*** PROVIDED INFORMATION ***

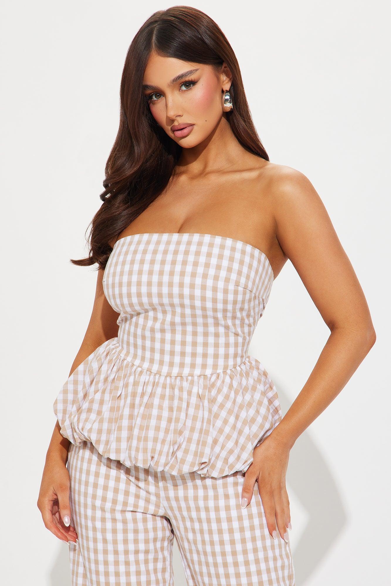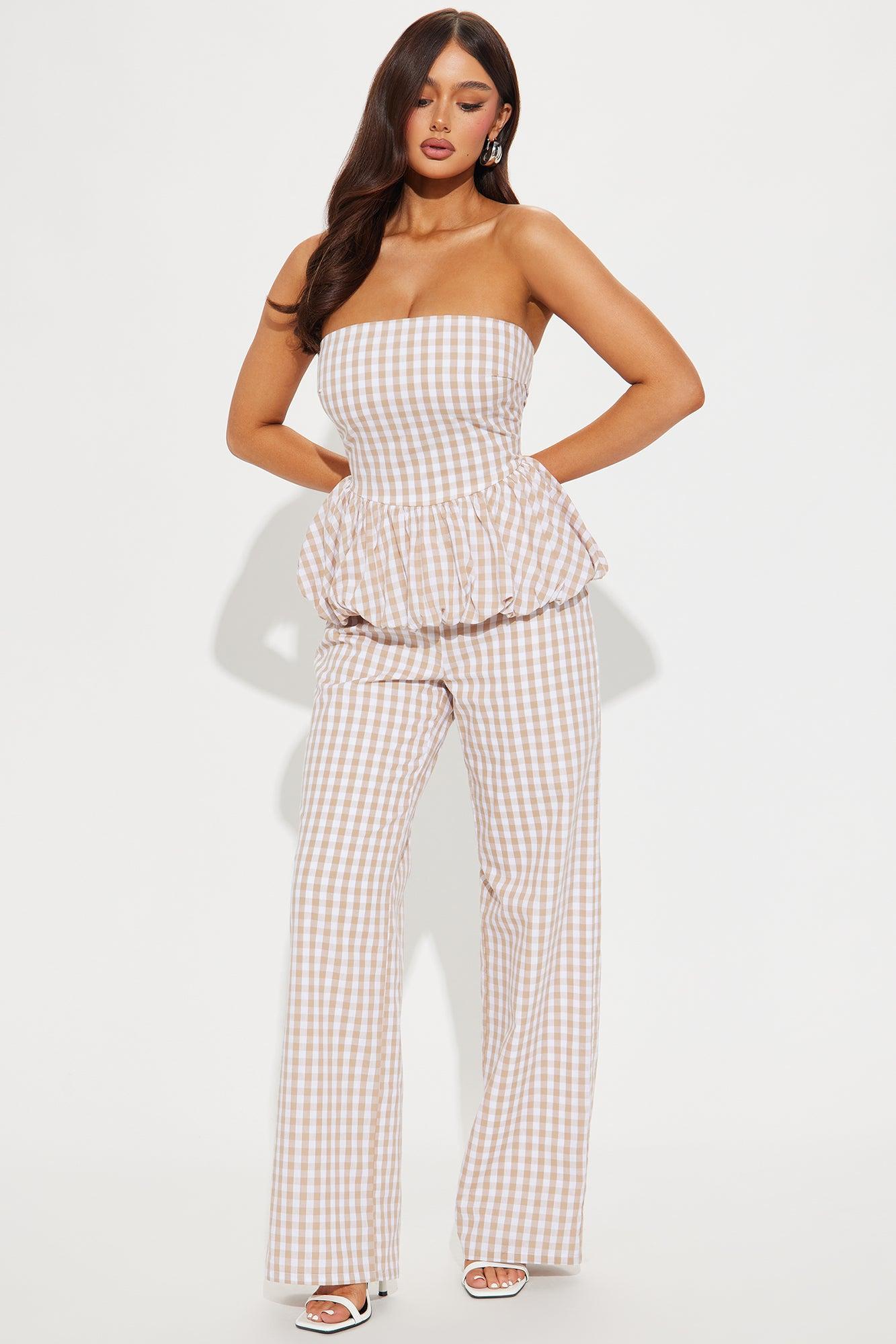 Available In Taupe/combo. Jumpsuit Strapless Peplum Wide Leg Smocked Back Hidden Back Zipper Lined Non Stretch Self: 100% Cotton Lining: 100% Polyester Imported California Proposition 65 WARNING: Cancer and Reproductive Harm - www.P65Warnings.ca.gov.
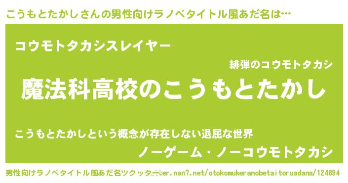 | 意味不明あだ名 | 『自称こうもとたかし』 |
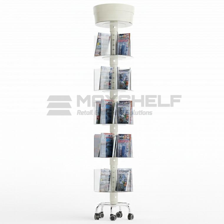 The Spinning Acrylic Magazine Display is a practical and space-efficient solution for showcasing magazines, brochures and small publications in any retail setting. Designed with five crystal-clear acrylic tiers, this stand offers up to 40 facings, giving excellent visibility from all angles.
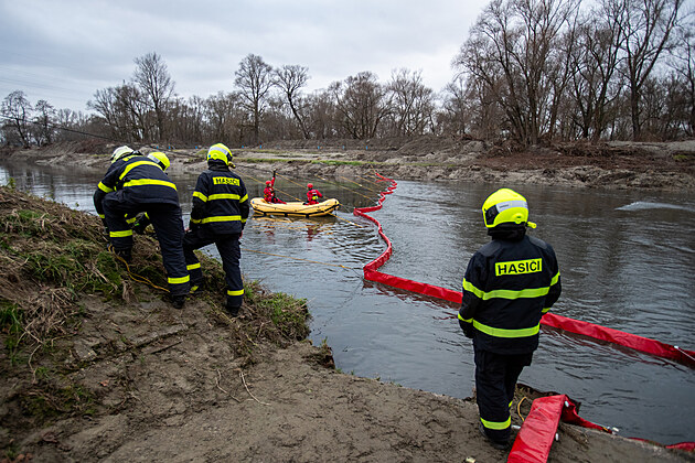 Hasiči postavili norné stěny kvůli úhynu ryb na řece Odře.
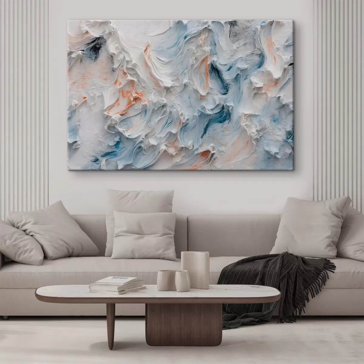 Schilderij Abstractie met witte, oranje en blauwe kleuren Art. s41026
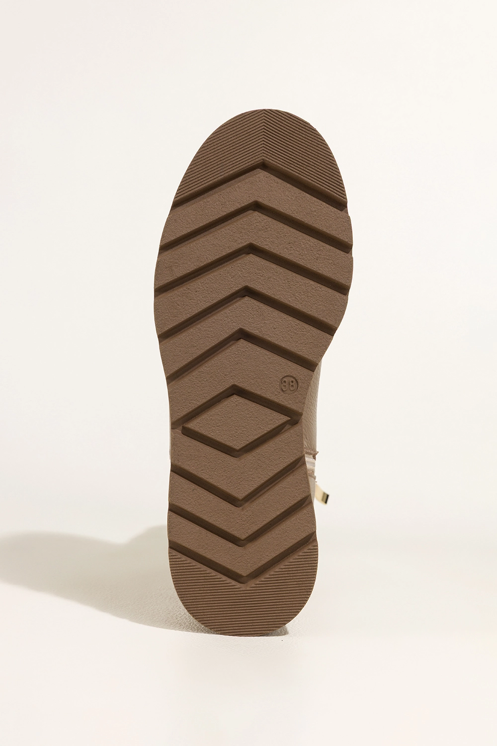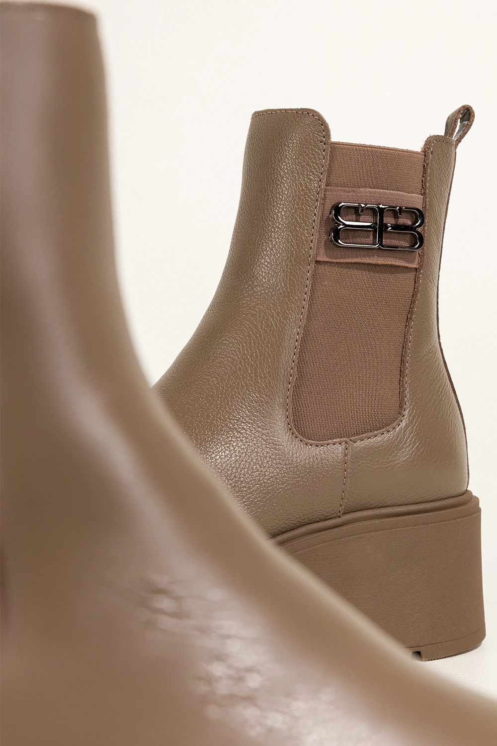 Botki zachwycają nie tylko praktycznością, ale również nowoczesnym designem. Bieżnikowana platforma dodaje im charakteru, a zaokrąglony nosek i gładka cholewka świetnie wpisują się w aktualne trendy. Beżowa elastyczna guma w cholewce ułatwia zakładanie, a stalowa ozdoba dodaje wyrazistego, industrialnego akcentu. Kolor ciemnobeżowy to idealny kompromis między klasyką a modową świeżością, doskonale pasuje zarówno do dżinsów, jak i zwiewnych sukienek. Dzięki zamkowi z boku, botki są niezwykle praktyczne i wygodne w użytkowaniu na co dzień.
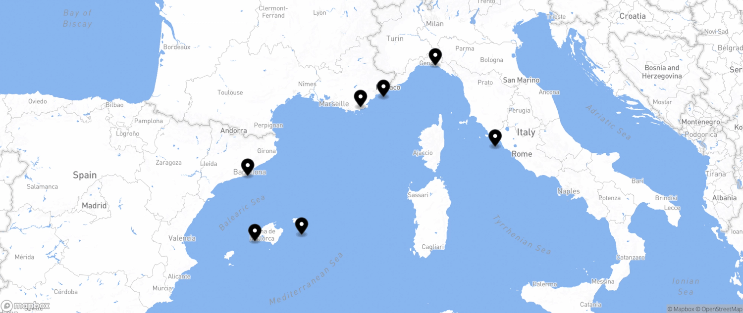 Evrima sails to a variety of destinations, including the Mediterranean, Caribbean, Central America, and South America. Its itineraries are curated to allow for extended stays in port, enabling guests to immerse themselves in local cultures and experiences. The yacht's size and design enable access to exclusive harbors, offering a unique perspective on each destination.

*** End of PROVIDED INFORMATION ***

▶ **ASSIGNED TASK**:
Copy out the entries verbatim and leave the images out.

▶ **YOUR RESPONSE**:
 Available In Taupe/combo. Jumpsuit Strapless Peplum Wide Leg Smocked Back Hidden Back Zipper Lined Non Stretch Self: 100% Cotton Lining: 100% Polyester Imported California Proposition 65 WARNING: Cancer and Reproductive Harm - www.P65Warnings.ca.gov.
 | 意味不明あだ名 | 『自称こうもとたかし』 |
 The Spinning Acrylic Magazine Display is a practical and space-efficient solution for showcasing magazines, brochures and small publications in any retail setting. Designed with five crystal-clear acrylic tiers, this stand offers up to 40 facings, giving excellent visibility from all angles.
 Hasiči postavili norné stěny kvůli úhynu ryb na řece Odře.
 Schilderij Abstractie met witte, oranje en blauwe kleuren Art. s41026
 Botki zachwycają nie tylko praktycznością, ale również nowoczesnym designem. Bieżnikowana platforma dodaje im charakteru, a zaokrąglony nosek i gładka cholewka świetnie wpisują się w aktualne trendy. Beżowa elastyczna guma w cholewce ułatwia zakładanie, a stalowa ozdoba dodaje wyrazistego, industrialnego akcentu. Kolor ciemnobeżowy to idealny kompromis między klasyką a modową świeżością, doskonale pasuje zarówno do dżinsów, jak i zwiewnych sukienek. Dzięki zamkowi z boku, botki są niezwykle praktyczne i wygodne w użytkowaniu na co dzień.
 Evrima sails to a variety of destinations, including the Mediterranean, Caribbean, Central America, and South America. Its itineraries are curated to allow for extended stays in port, enabling guests to immerse themselves in local cultures and experiences. The yacht's size and design enable access to exclusive harbors, offering a unique perspective on each destination.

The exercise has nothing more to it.